## THE PROBLEM
Images are not part of the copy; write out the rest of the data exactly as given.

## AVAILABLE DATA
......
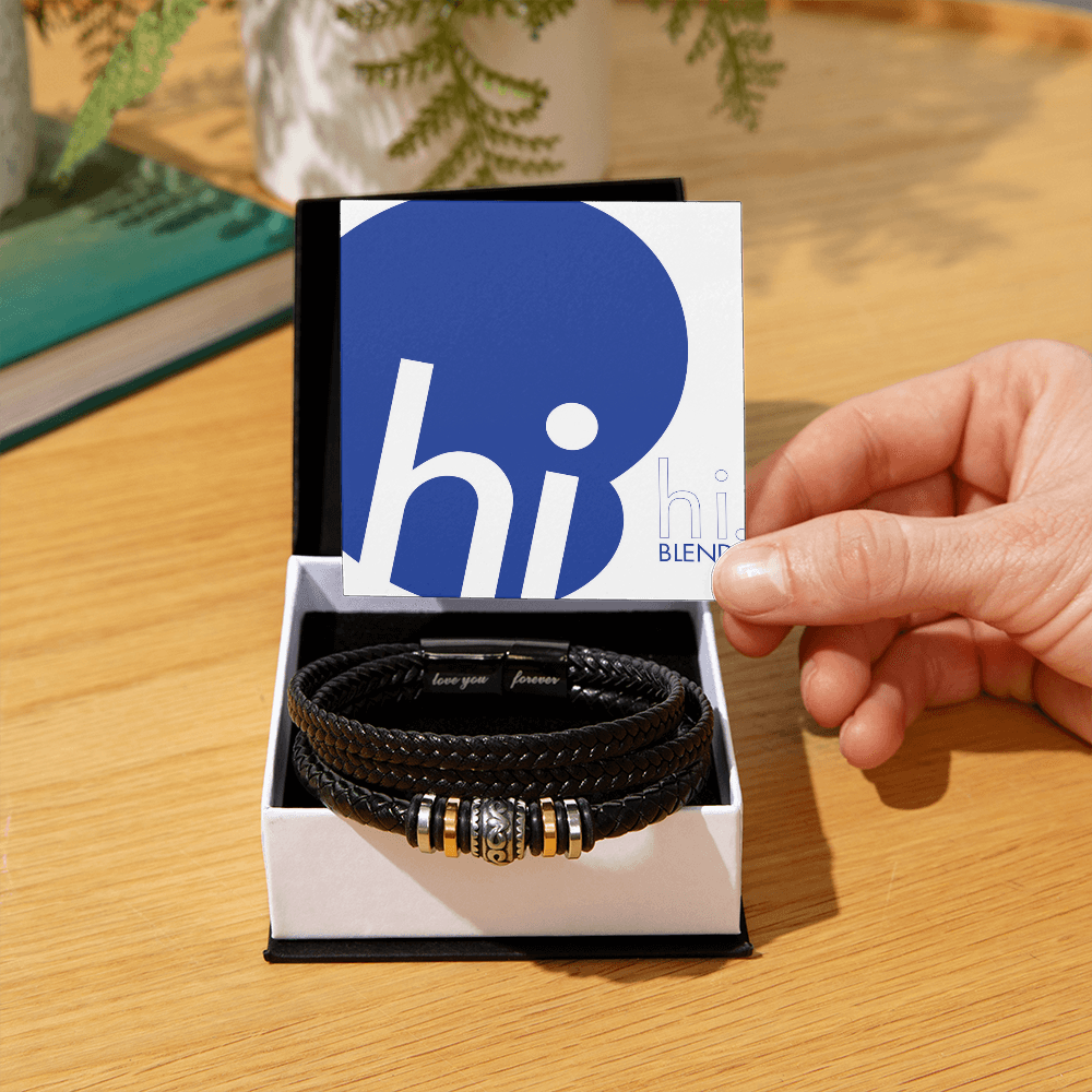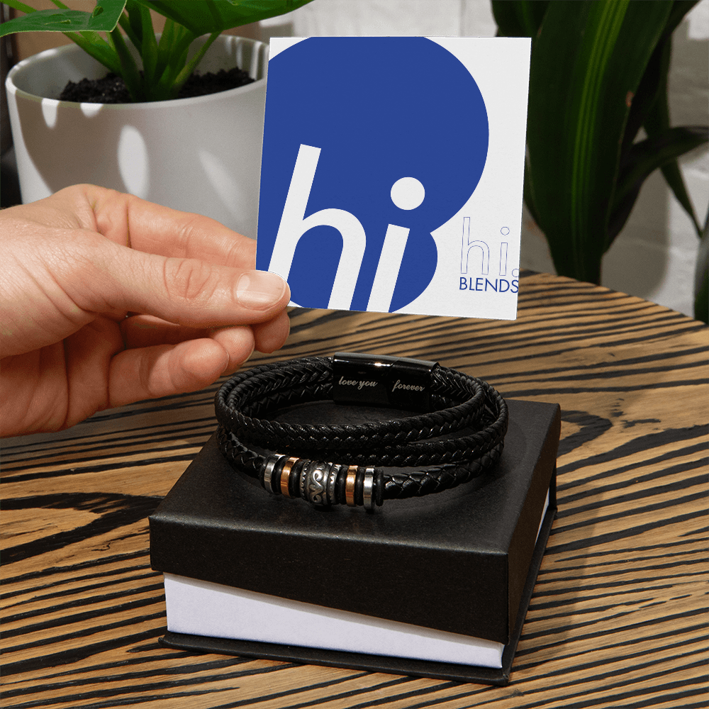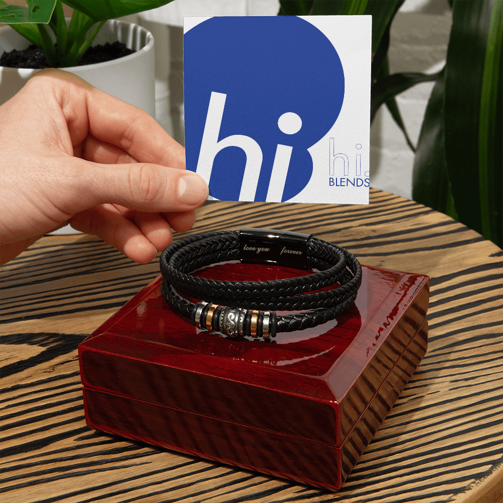 Made with durable vegan leather and sleek detailing, the hi.Blends “Love You Forever” Bracelet pairs timeless design with modern style—perfect for the man who values both fashion and meaning.
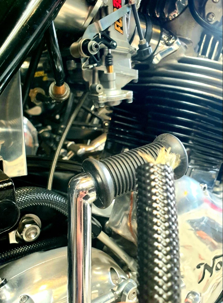 What ignition are you running...it wouldn't happen to be a pre MK IV boyer by any chance ?Yeah Baz, I imagine most of you guys have been here a few times, and those that have experienced more than a few have opted to install the electric start...That's next on my shopping list for my Commando, or just get the position right next time. I guess somehow I got the stroke wrong and air/gas ignites in the airbox/cylinder and kicks the starter lever back at you. These RGM levers are a little worse for this as they increased leverage for us also means increased leverage for the bike and when it decides to slap you back it really gives a good whack! Anyway, now I know why there is an insistence on solid workboots. I wear Redwing boots usually - I have a few pairs (many actually). But this time I wore a more casual leather boot that I wear around the garage when I'm working.
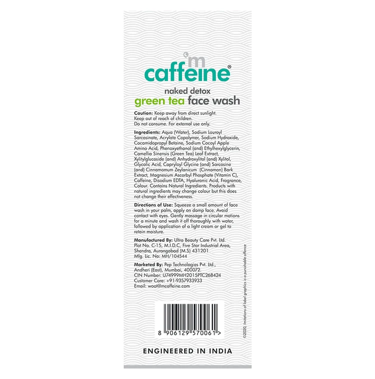 Elevate your skincare routine with the mCaffeine Green Tea Face Wash enriched with Vitamin C & Hyaluronic Acid. In a convenient 100ml size, this face wash is a refreshing blend of green tea extracts, skin-brightening Vitamin C, and hydrating Hyaluronic Acid. Experience the power of natural ingredients that cleanse, brighten, and hydrate your skin, leaving it feeling refreshed and rejuvenated.
......
## SOLUTION TO THE PROBLEM
 Made with durable vegan leather and sleek detailing, the hi.Blends “Love You Forever” Bracelet pairs timeless design with modern style—perfect for the man who values both fashion and meaning.
 What ignition are you running...it wouldn't happen to be a pre MK IV boyer by any chance ?Yeah Baz, I imagine most of you guys have been here a few times, and those that have experienced more than a few have opted to install the electric start...That's next on my shopping list for my Commando, or just get the position right next time. I guess somehow I got the stroke wrong and air/gas ignites in the airbox/cylinder and kicks the starter lever back at you. These RGM levers are a little worse for this as they increased leverage for us also means increased leverage for the bike and when it decides to slap you back it really gives a good whack! Anyway, now I know why there is an insistence on solid workboots. I wear Redwing boots usually - I have a few pairs (many actually). But this time I wore a more casual leather boot that I wear around the garage when I'm working.
 Elevate your skincare routine with the mCaffeine Green Tea Face Wash enriched with Vitamin C & Hyaluronic Acid. In a convenient 100ml size, this face wash is a refreshing blend of green tea extracts, skin-brightening Vitamin C, and hydrating Hyaluronic Acid. Experience the power of natural ingredients that cleanse, brighten, and hydrate your skin, leaving it feeling refreshed and rejuvenated.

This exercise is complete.